### Requirement
In the data below, set down exactly the lines from the one containing "Apple iPhone 16" up to and including the one containing "在琅岐大桥施工现场,我们看到". Leave the pictures out.
(Provided data)
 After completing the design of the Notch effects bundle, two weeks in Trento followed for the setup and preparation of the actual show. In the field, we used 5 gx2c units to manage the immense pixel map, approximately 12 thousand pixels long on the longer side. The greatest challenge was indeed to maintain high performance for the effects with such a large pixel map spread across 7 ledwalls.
(End Provided data)
(Provided data)
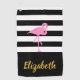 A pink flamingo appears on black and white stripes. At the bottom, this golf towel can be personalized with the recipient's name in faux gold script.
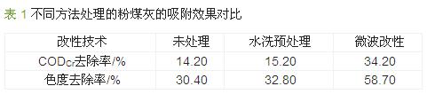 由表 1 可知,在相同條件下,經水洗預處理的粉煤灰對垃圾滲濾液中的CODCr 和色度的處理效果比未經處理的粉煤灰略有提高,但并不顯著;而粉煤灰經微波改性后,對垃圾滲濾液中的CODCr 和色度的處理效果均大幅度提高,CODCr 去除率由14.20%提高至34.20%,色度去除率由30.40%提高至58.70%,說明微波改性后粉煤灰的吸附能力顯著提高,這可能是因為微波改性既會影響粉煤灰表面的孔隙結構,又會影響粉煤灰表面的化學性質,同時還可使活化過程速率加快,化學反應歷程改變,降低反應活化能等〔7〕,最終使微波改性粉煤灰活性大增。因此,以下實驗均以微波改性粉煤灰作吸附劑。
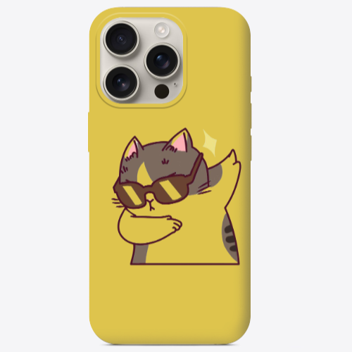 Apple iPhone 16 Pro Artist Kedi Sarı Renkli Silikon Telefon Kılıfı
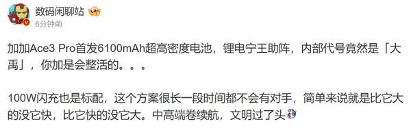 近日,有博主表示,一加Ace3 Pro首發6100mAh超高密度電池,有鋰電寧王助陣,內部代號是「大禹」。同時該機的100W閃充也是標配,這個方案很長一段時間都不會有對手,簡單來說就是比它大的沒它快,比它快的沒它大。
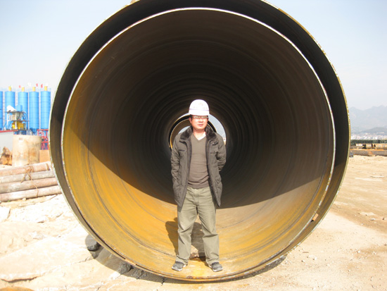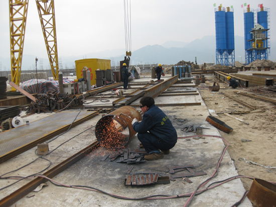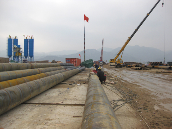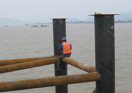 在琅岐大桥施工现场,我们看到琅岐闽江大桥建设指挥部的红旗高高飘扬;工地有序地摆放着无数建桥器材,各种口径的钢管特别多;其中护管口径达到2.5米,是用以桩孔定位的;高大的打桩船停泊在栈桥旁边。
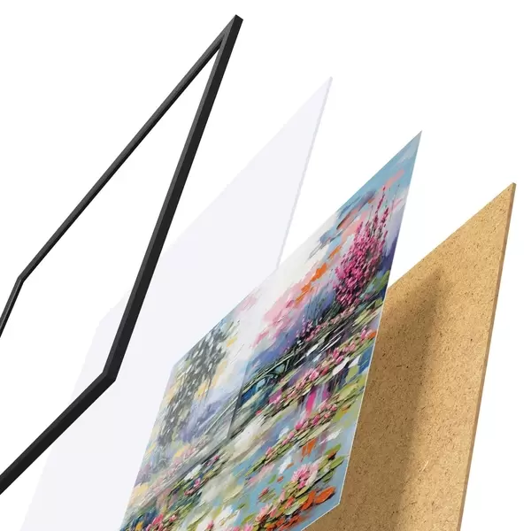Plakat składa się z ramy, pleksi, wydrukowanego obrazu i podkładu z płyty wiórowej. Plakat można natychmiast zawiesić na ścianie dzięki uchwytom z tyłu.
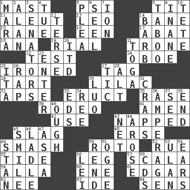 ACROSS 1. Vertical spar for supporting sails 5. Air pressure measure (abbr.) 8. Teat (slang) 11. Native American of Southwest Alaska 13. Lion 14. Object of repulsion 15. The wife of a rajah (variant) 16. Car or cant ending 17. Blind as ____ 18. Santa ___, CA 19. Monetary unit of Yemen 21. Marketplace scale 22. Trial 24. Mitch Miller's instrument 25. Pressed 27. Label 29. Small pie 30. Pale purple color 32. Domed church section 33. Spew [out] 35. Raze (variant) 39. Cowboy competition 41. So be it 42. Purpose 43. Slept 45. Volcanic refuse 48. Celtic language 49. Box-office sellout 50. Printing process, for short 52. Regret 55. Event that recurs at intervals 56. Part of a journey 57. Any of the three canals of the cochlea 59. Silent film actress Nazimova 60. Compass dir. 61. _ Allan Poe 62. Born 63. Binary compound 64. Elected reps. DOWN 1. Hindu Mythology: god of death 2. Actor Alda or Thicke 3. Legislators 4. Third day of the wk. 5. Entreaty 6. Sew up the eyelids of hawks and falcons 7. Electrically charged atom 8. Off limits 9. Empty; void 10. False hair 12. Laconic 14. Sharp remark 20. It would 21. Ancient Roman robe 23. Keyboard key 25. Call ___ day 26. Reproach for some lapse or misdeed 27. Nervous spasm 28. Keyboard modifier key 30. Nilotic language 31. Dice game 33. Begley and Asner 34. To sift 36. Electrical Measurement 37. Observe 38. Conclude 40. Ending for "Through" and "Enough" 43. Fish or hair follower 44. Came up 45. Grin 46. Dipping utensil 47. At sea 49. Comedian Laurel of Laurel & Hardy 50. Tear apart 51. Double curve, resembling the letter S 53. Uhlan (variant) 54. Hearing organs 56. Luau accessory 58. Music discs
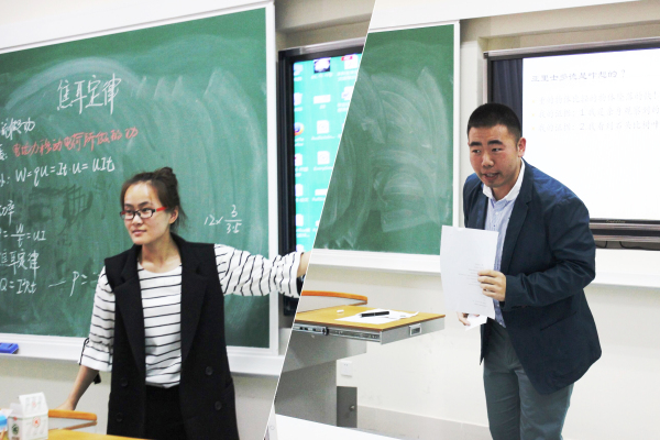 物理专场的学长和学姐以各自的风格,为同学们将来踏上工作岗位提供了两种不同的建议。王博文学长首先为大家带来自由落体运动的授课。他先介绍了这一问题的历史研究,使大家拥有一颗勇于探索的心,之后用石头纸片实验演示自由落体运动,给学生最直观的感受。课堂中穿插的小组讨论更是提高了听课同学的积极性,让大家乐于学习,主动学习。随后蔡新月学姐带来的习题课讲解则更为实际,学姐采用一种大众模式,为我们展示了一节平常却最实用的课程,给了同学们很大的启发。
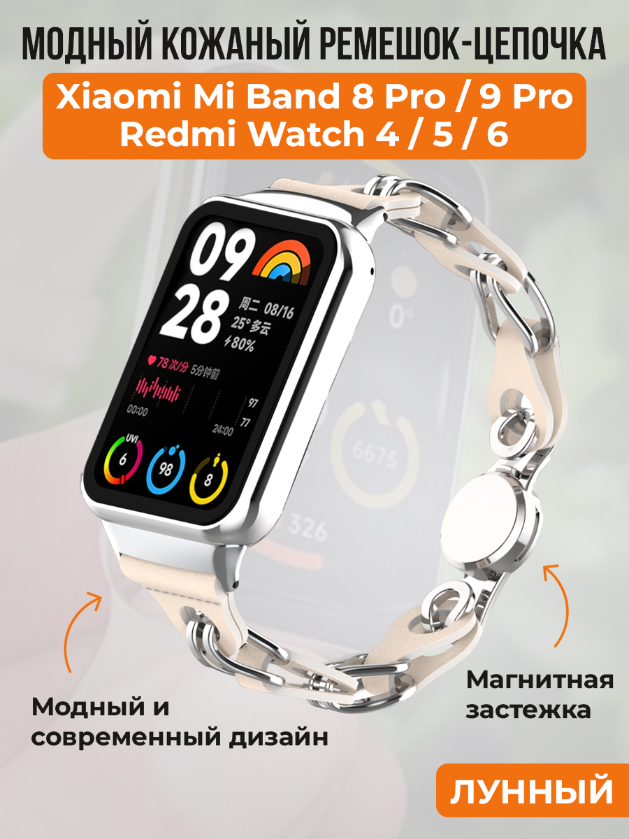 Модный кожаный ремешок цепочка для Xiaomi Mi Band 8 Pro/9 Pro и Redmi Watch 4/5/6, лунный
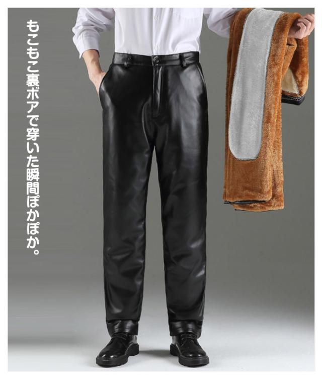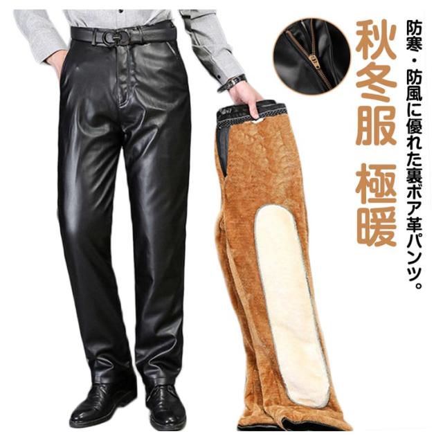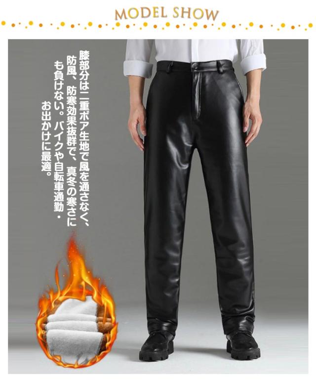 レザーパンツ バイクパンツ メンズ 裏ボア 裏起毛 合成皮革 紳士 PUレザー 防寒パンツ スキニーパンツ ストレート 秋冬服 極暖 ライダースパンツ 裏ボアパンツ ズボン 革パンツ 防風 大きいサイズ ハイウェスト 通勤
(End Provided data)
### Task answer
 Apple iPhone 16 Pro Artist Kedi Sarı Renkli Silikon Telefon Kılıfı
 近日,有博主表示,一加Ace3 Pro首發6100mAh超高密度電池,有鋰電寧王助陣,內部代號是「大禹」。同時該機的100W閃充也是標配,這個方案很長一段時間都不會有對手,簡單來說就是比它大的沒它快,比它快的沒它大。
 在琅岐大桥施工现场,我们看到琅岐闽江大桥建设指挥部的红旗高高飘扬;工地有序地摆放着无数建桥器材,各种口径的钢管特别多;其中护管口径达到2.5米,是用以桩孔定位的;高大的打桩船停泊在栈桥旁边。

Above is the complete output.